**What to do**
Return the following from the records below: each line, word for word, starting with the line that contains "엄마! 나 전액 장학생이야~~!!" and going on through the line that contains "Lot includes a", with nothing outside that range.

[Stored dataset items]
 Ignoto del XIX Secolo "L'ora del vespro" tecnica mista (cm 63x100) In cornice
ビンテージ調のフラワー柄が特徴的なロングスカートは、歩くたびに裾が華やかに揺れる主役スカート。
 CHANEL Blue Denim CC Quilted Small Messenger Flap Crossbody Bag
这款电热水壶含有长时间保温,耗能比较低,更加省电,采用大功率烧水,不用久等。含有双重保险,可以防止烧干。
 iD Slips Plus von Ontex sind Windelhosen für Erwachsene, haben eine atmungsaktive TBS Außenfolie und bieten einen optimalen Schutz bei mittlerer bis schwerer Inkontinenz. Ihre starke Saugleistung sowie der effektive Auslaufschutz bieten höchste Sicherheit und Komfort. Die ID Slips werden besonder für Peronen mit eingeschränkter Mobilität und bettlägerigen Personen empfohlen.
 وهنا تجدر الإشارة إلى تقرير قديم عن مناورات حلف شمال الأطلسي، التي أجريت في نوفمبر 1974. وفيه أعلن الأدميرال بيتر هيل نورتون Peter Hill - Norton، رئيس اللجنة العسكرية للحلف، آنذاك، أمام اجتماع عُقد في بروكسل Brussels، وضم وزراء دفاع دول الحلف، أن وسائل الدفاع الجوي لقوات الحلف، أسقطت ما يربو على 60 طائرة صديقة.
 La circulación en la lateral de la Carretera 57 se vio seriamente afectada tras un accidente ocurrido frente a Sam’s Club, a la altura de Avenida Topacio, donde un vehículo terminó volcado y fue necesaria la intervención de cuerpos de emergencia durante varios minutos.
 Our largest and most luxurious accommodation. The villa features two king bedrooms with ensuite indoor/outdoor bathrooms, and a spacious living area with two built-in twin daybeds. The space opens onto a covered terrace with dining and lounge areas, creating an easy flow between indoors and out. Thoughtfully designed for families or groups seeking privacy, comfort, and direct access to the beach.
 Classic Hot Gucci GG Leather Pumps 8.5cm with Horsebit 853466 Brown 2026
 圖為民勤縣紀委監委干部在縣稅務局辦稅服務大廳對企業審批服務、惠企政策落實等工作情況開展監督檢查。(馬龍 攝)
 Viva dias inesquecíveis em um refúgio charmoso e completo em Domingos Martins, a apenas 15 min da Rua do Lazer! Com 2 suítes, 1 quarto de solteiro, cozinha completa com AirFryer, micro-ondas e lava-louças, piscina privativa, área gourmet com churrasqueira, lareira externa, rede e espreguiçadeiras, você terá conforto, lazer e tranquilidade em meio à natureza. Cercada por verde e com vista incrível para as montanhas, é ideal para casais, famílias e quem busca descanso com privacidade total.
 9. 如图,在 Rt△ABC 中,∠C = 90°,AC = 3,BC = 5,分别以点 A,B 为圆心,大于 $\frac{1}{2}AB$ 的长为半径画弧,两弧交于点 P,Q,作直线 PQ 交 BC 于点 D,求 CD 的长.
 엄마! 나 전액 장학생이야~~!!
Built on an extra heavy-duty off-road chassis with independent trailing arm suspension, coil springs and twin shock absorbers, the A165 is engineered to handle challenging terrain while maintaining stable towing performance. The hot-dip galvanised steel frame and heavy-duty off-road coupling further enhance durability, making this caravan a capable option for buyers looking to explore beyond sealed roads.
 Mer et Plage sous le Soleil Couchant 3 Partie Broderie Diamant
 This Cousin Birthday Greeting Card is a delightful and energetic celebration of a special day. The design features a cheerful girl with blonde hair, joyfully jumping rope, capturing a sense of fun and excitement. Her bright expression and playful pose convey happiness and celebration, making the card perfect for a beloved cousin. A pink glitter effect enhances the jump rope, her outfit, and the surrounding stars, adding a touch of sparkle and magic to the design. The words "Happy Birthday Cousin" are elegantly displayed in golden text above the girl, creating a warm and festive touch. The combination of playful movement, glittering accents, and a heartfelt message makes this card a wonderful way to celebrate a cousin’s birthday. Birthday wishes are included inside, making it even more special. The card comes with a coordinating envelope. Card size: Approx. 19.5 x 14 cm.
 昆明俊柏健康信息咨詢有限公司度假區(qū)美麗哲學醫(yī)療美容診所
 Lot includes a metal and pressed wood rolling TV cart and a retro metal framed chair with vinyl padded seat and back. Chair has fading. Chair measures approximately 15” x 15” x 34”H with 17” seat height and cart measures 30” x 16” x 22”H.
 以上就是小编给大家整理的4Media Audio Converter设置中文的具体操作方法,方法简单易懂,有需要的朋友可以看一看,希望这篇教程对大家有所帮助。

**Answer to this problem**
 엄마! 나 전액 장학생이야~~!!
Built on an extra heavy-duty off-road chassis with independent trailing arm suspension, coil springs and twin shock absorbers, the A165 is engineered to handle challenging terrain while maintaining stable towing performance. The hot-dip galvanised steel frame and heavy-duty off-road coupling further enhance durability, making this caravan a capable option for buyers looking to explore beyond sealed roads.
 Mer et Plage sous le Soleil Couchant 3 Partie Broderie Diamant
 This Cousin Birthday Greeting Card is a delightful and energetic celebration of a special day. The design features a cheerful girl with blonde hair, joyfully jumping rope, capturing a sense of fun and excitement. Her bright expression and playful pose convey happiness and celebration, making the card perfect for a beloved cousin. A pink glitter effect enhances the jump rope, her outfit, and the surrounding stars, adding a touch of sparkle and magic to the design. The words "Happy Birthday Cousin" are elegantly displayed in golden text above the girl, creating a warm and festive touch. The combination of playful movement, glittering accents, and a heartfelt message makes this card a wonderful way to celebrate a cousin’s birthday. Birthday wishes are included inside, making it even more special. The card comes with a coordinating envelope. Card size: Approx. 19.5 x 14 cm.
 昆明俊柏健康信息咨詢有限公司度假區(qū)美麗哲學醫(yī)療美容診所
 Lot includes a metal and pressed wood rolling TV cart and a retro metal framed chair with vinyl padded seat and back. Chair has fading. Chair measures approximately 15” x 15” x 34”H with 17” seat height and cart measures 30” x 16” x 22”H.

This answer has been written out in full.